# Working on my brochures.... need some critics!



## AshleyR (Jul 26, 2009)

I am finally working on some brochures for my soap business. I thought I'd post what I have on them so far to see what you guys think. If you have any suggestions as to what I should take out or add, I'd love to hear them! I'm really not good at wording things. Some personal info has been removed.

*Inside flap 1*

ABOUT US…
_Business name_ is a family owned business providing natural, handmade soaps, bath and body products in _Location_.
We make our soaps from scratch using the cold process method. From measuring out the luxury oils and butters that go into each batch, to hand cutting, wrapping, and labeling each bar – our soaps are 100% handmade in small batches to ensure top quality. 

Commercial soaps contain harsh chemicals and detergents that can be harmful to your skin.
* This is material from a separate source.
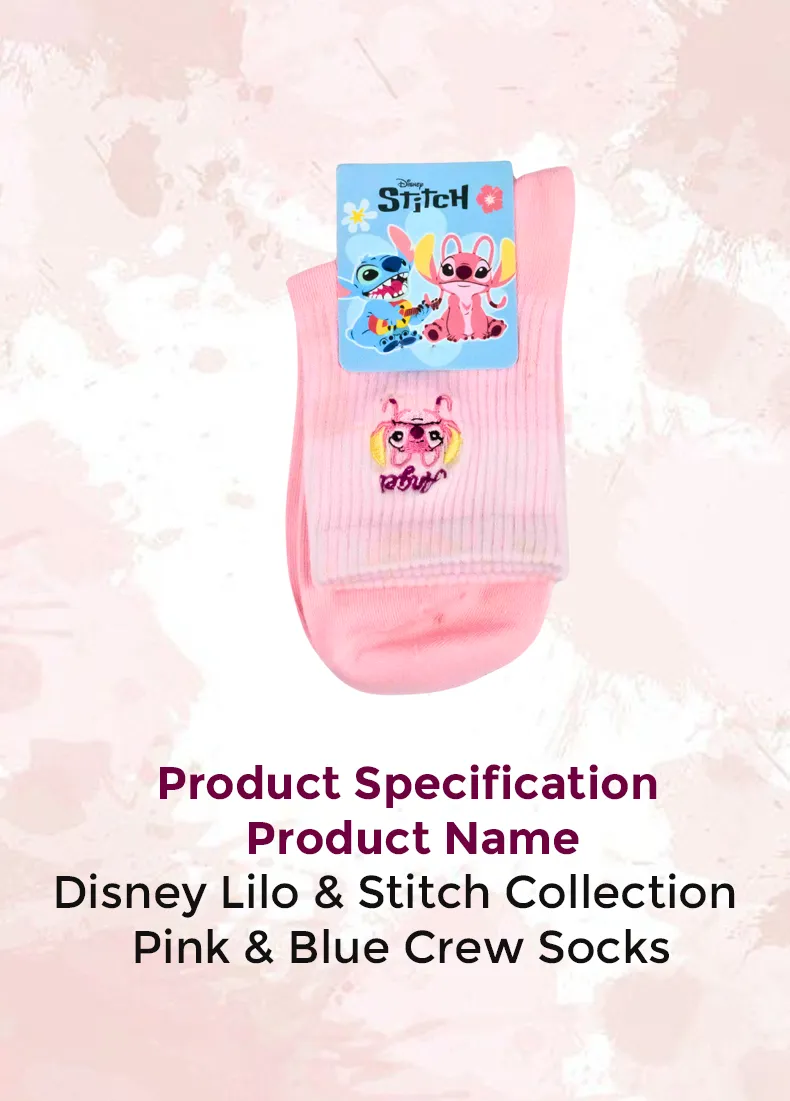 Disney Lilo & Stitch Collection Pink & Blue Crew Socks
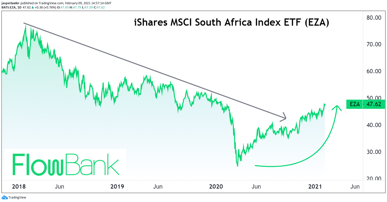 Les marchés d’actions des pays émergents connaissent un très bon début d’année avec une appréciation de près de 10%. C’est le cas de l’Afrique du Sud et ce malgré les difficultés rencontrées par le pays face à la deuxième vague du Covid-19 et l’arrivée d’un nouveau variant.

Our 100% biodegradable, all-vegetable soaps contain only the most moisturizing and skin loving natural ingredients. 

Our line of natural handmade bath and body products are sure to please. We currently offer body butters, body scrubs, bath salts, bath bombs, and lotion bars in a variety of scents. We only use natural essential oils and cosmetic-grade fragrance oils to scent our products. 

New to our product line are all vegetable Soy Candles & Tarts. 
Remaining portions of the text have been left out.